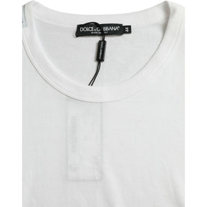 تي شيرت دولتشي آند غابانا أبيض بشعار دولتشي آند غابانا وياقة دائرية وأكمام قصيرة
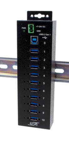 Exsys 10 Port USB 3.2 Hub, Terminal Connector Powered, 198 x 55 x 30mm
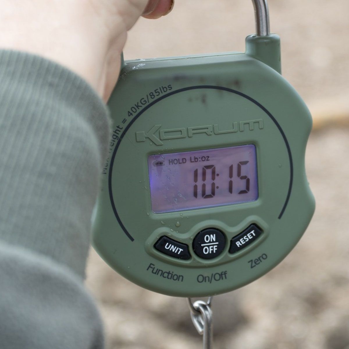 Con una capacidad máxima de 40 kg (85 lb), la Korum permite pesar sin esfuerzo incluso las carpas más grandes. Su pantalla digital retroiluminada asegura una lectura clara y precisa tanto de día como de noche, una ventaja decisiva en capturas nocturnas o condiciones de poca luz.
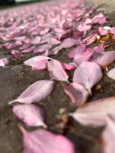 I was struck by the beauty and sadness of the scene. The trees in the area were still mostly filled with the blossoms. And the blossoms would be replaced with leaves and the trees would have a different look, a different beauty. But the situation reminded me that everything changes. Endings happen. There are new beginnings. And pain is part of that process. Whether it is regret or the feeling of loss, our heart goes through that pain. If we truly live our lives with an open heart, we will feel both sides of the spectrum. Joy and sorrow. That’s good. Those emotions give us a defining edge too.
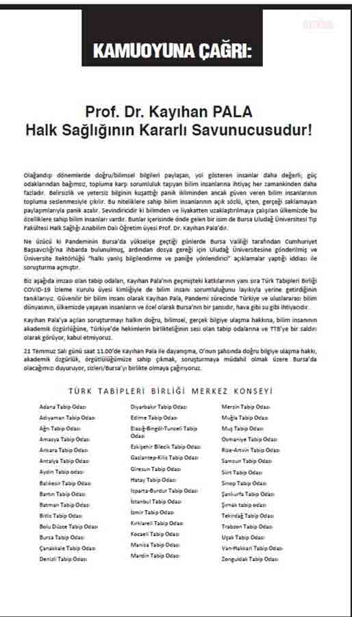 Bursa’da yerel bir gazeteye pandemiyle ilgili verdiği röportaj nedeniyle hakkında soruşturma başlatılan, Bursa Uludağ Üniversitesi Tıp Fakültesi Halk Sağlığı Anabilim Dalı Öğretim üyesi ve Türk Tabipleri Birliği Covid-19 İzleme Kurulu üyesi Prof. Dr. Kayıhan Pala için, aralarından Hatay’ın da yer aldığı 44 kentin Tabip Odası tarafından ortak bir ilan yayınlandı.
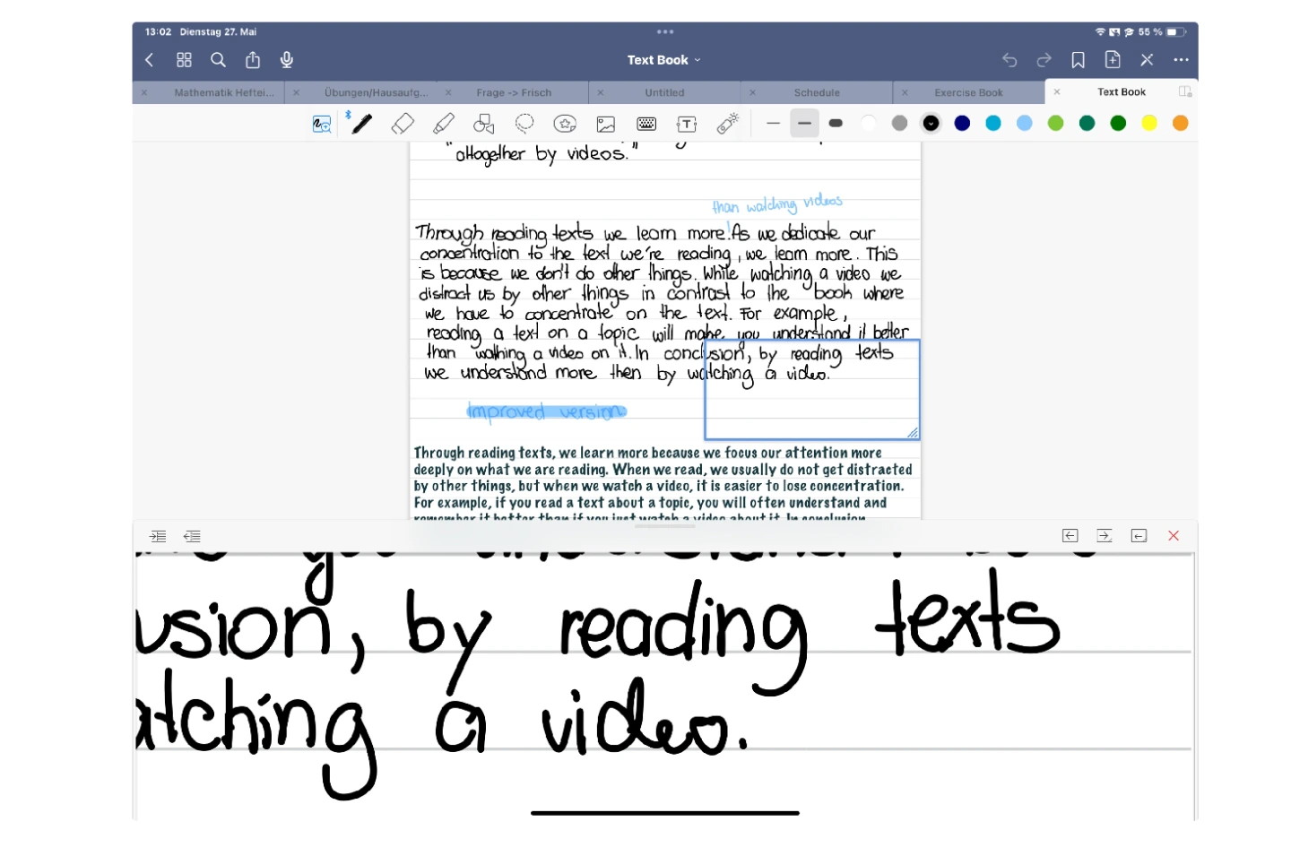 “Sobald es jedoch darum geht, eigene Gedanken zu entwickeln und strukturiert in einem längeren Text wiederzugeben schreiben wir auf häufig Papier. Die Verwendung eines digitalen Hefts bedeutet also nicht, dass alles nur noch digital ist. Nicht zuletzt deswegen, weil man durch das ständige Zoomen in die Zeilen schnell den Überblick verliert. ”
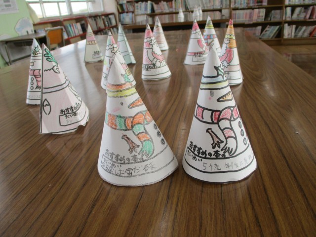 図書館も12月の雰囲気いっぱいです。ツリーの形の掲示物でおすすめの本を子どもたちに紹介しています。
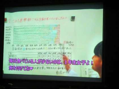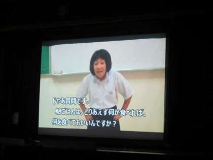 整美委員会の発表を行いました。「朝から元気いっぱいな人たちの不思議」と題して朝ごはんの大切さを探偵ナイトスクープ風にビデオで表現しました。なかなかの力作でした。
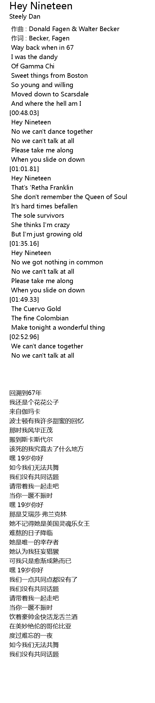 | [00:00.00] | 作曲 : Donald Fagen & Walter Becker |
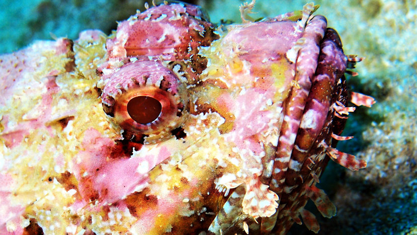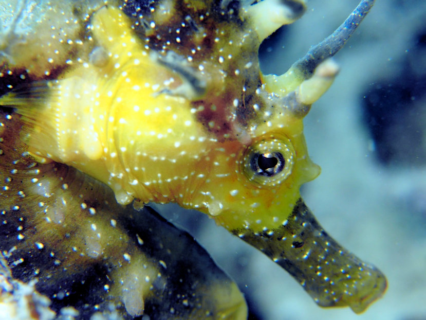 Bereits eine halbe Stunde ist seit dem Abtauchen vergangen. Dein Luftvorrat sieht noch gut aus und so kannst Du Dir für die Erkundung des Bereiches um die 10 Meter Wassertiefe, an dem das Riff besonders zerklüftet ist und viele Überhänge und kleine Löcher bietet, noch jede Menge Zeit lassen. Und es lohnt sich. Farbexplosionen unter Wasser…und irgendwie wollen alle auf’s Bild…sie halten still und es macht riesigen Spaß sie bei diesen ruhigen Bedingungen abzulichten. Ab und an macht Dein Herz einen Hüpfer, denn bereits an der nächst einsehbaren Kante sitzt ein weiteres Juwel….
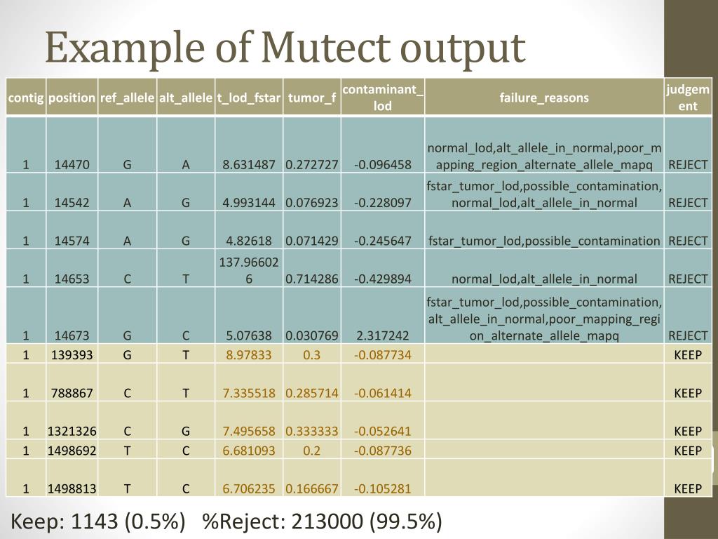 Example of Mutect output Keep: 1143 (0.5%) %Reject: 213000 (99.5%)
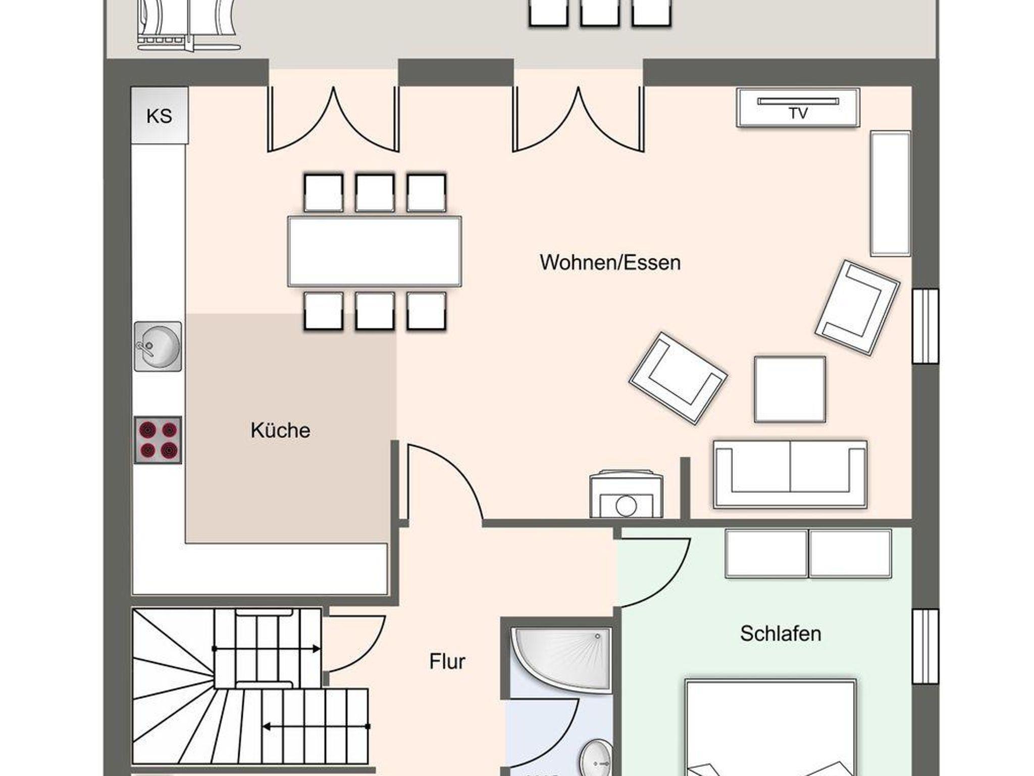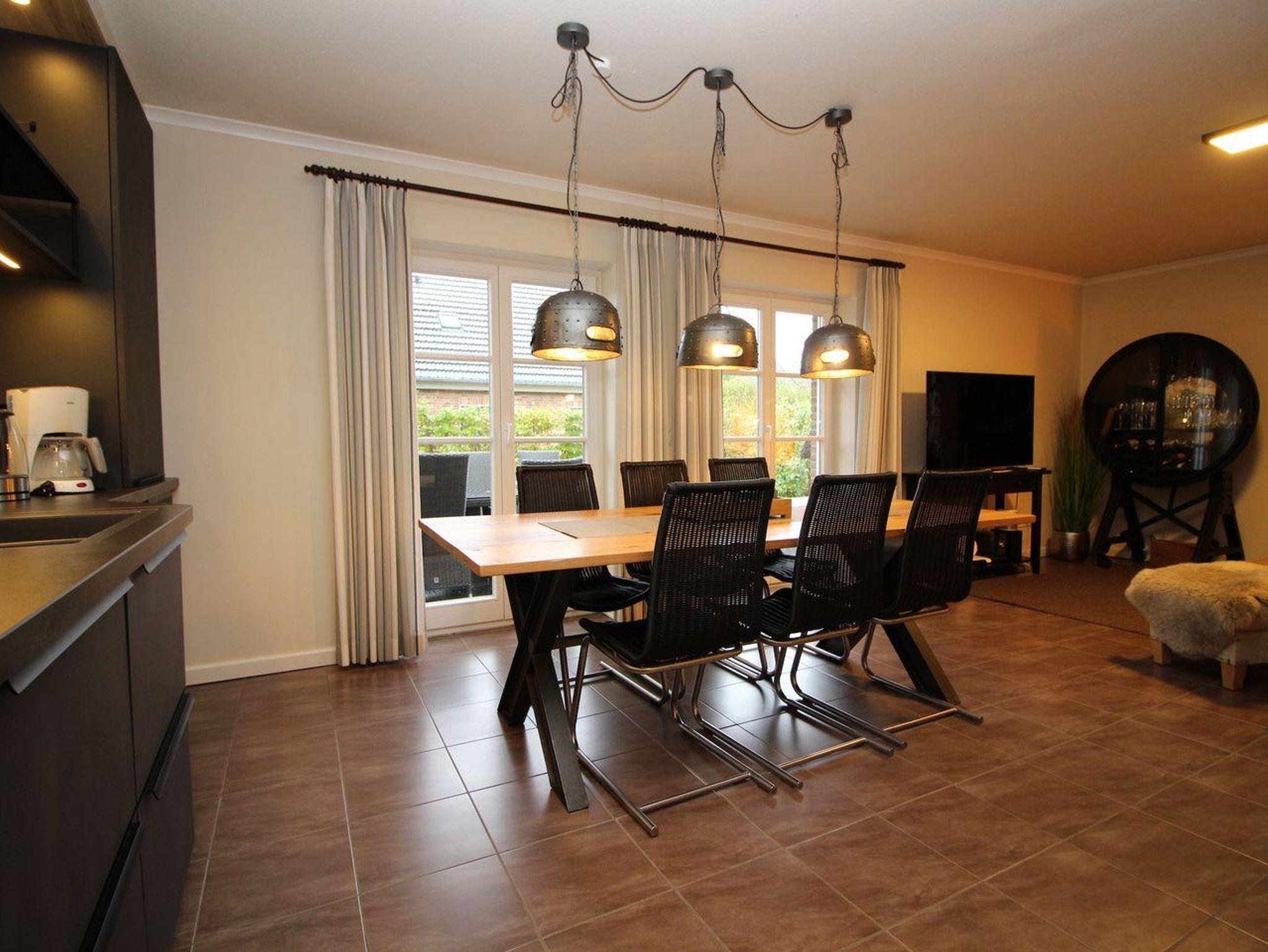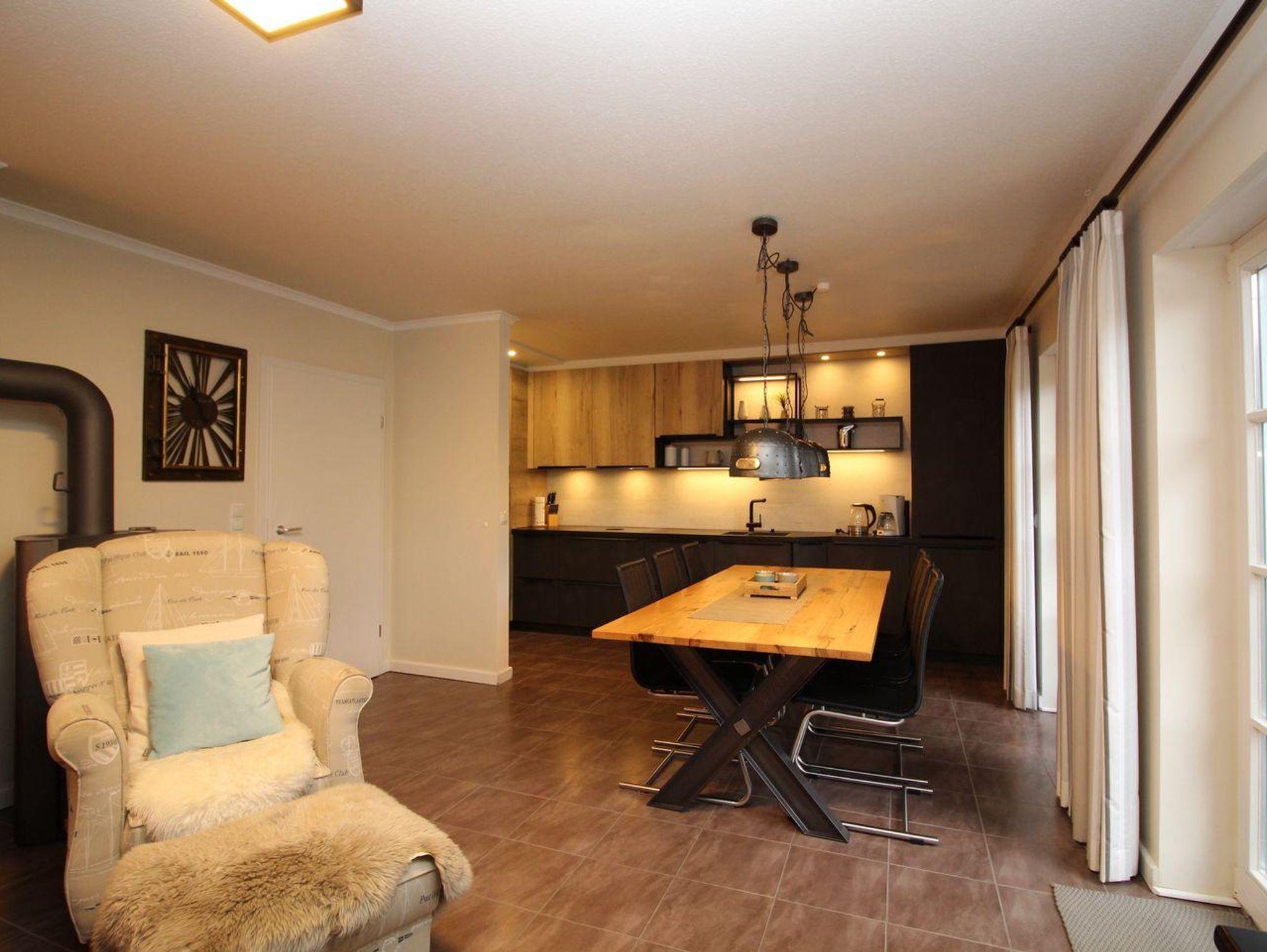Im Erdgeschoss befindet sich der Wohnraum mit einer offenen Küche und einem gemütlichen Essbereich. Die Küche ist mit hochwertigen Geräten voll ausgestattet.
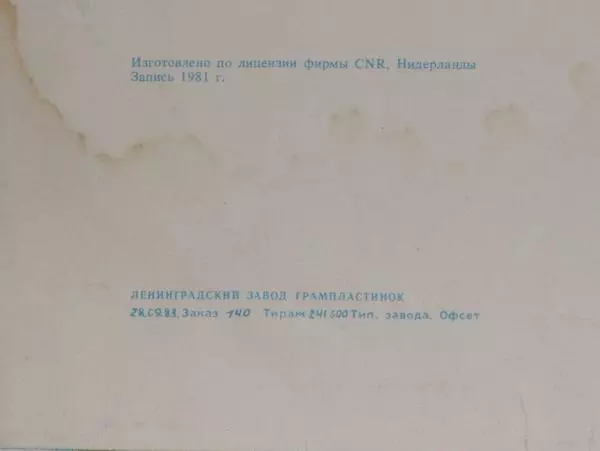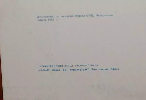 | Plus d'informations sur les disques vinyles | 1983 Original Melodiya Red Label |
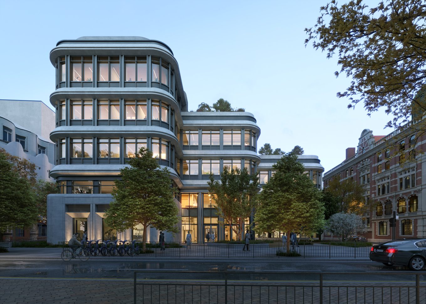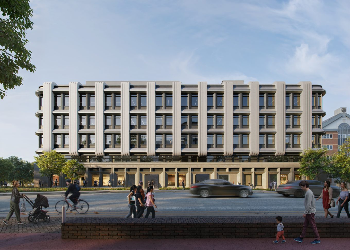 The building envelope and massing have been carefully shaped to respect neighbouring buildings, optimise daylight, and minimise environmental impact. Distinctive stepped massing and vertical façade ‘ribs’ along the east and west elevations serve as solar shading, reducing overheating from low-angle sun, and protect daylight for neighbouring properties. They also serve as integrated ventilation risers, which free up internal space and support the building’s sustainability goals. Materiality and contextual references ensures the new building sits harmoniously within its historic setting, adjacent to Charter House and the Terraces Conservation Area.

§ §

Your task - An exact copy of the records above is needed, free of pictures.

Solution for this exercise -
 تي شيرت دولتشي آند غابانا أبيض بشعار دولتشي آند غابانا وياقة دائرية وأكمام قصيرة
 Exsys 10 Port USB 3.2 Hub, Terminal Connector Powered, 198 x 55 x 30mm
 Con una capacidad máxima de 40 kg (85 lb), la Korum permite pesar sin esfuerzo incluso las carpas más grandes. Su pantalla digital retroiluminada asegura una lectura clara y precisa tanto de día como de noche, una ventaja decisiva en capturas nocturnas o condiciones de poca luz.
 I was struck by the beauty and sadness of the scene. The trees in the area were still mostly filled with the blossoms. And the blossoms would be replaced with leaves and the trees would have a different look, a different beauty. But the situation reminded me that everything changes. Endings happen. There are new beginnings. And pain is part of that process. Whether it is regret or the feeling of loss, our heart goes through that pain. If we truly live our lives with an open heart, we will feel both sides of the spectrum. Joy and sorrow. That’s good. Those emotions give us a defining edge too.
 Bursa’da yerel bir gazeteye pandemiyle ilgili verdiği röportaj nedeniyle hakkında soruşturma başlatılan, Bursa Uludağ Üniversitesi Tıp Fakültesi Halk Sağlığı Anabilim Dalı Öğretim üyesi ve Türk Tabipleri Birliği Covid-19 İzleme Kurulu üyesi Prof. Dr. Kayıhan Pala için, aralarından Hatay’ın da yer aldığı 44 kentin Tabip Odası tarafından ortak bir ilan yayınlandı.
 “Sobald es jedoch darum geht, eigene Gedanken zu entwickeln und strukturiert in einem längeren Text wiederzugeben schreiben wir auf häufig Papier. Die Verwendung eines digitalen Hefts bedeutet also nicht, dass alles nur noch digital ist. Nicht zuletzt deswegen, weil man durch das ständige Zoomen in die Zeilen schnell den Überblick verliert. ”
 図書館も12月の雰囲気いっぱいです。ツリーの形の掲示物でおすすめの本を子どもたちに紹介しています。
 整美委員会の発表を行いました。「朝から元気いっぱいな人たちの不思議」と題して朝ごはんの大切さを探偵ナイトスクープ風にビデオで表現しました。なかなかの力作でした。
 | [00:00.00] | 作曲 : Donald Fagen & Walter Becker |
 Bereits eine halbe Stunde ist seit dem Abtauchen vergangen. Dein Luftvorrat sieht noch gut aus und so kannst Du Dir für die Erkundung des Bereiches um die 10 Meter Wassertiefe, an dem das Riff besonders zerklüftet ist und viele Überhänge und kleine Löcher bietet, noch jede Menge Zeit lassen. Und es lohnt sich. Farbexplosionen unter Wasser…und irgendwie wollen alle auf’s Bild…sie halten still und es macht riesigen Spaß sie bei diesen ruhigen Bedingungen abzulichten. Ab und an macht Dein Herz einen Hüpfer, denn bereits an der nächst einsehbaren Kante sitzt ein weiteres Juwel….
 Example of Mutect output Keep: 1143 (0.5%) %Reject: 213000 (99.5%)
Im Erdgeschoss befindet sich der Wohnraum mit einer offenen Küche und einem gemütlichen Essbereich. Die Küche ist mit hochwertigen Geräten voll ausgestattet.
 | Plus d'informations sur les disques vinyles | 1983 Original Melodiya Red Label |
 The building envelope and massing have been carefully shaped to respect neighbouring buildings, optimise daylight, and minimise environmental impact. Distinctive stepped massing and vertical façade ‘ribs’ along the east and west elevations serve as solar shading, reducing overheating from low-angle sun, and protect daylight for neighbouring properties. They also serve as integrated ventilation risers, which free up internal space and support the building’s sustainability goals. Materiality and contextual references ensures the new building sits harmoniously within its historic setting, adjacent to Charter House and the Terraces Conservation Area.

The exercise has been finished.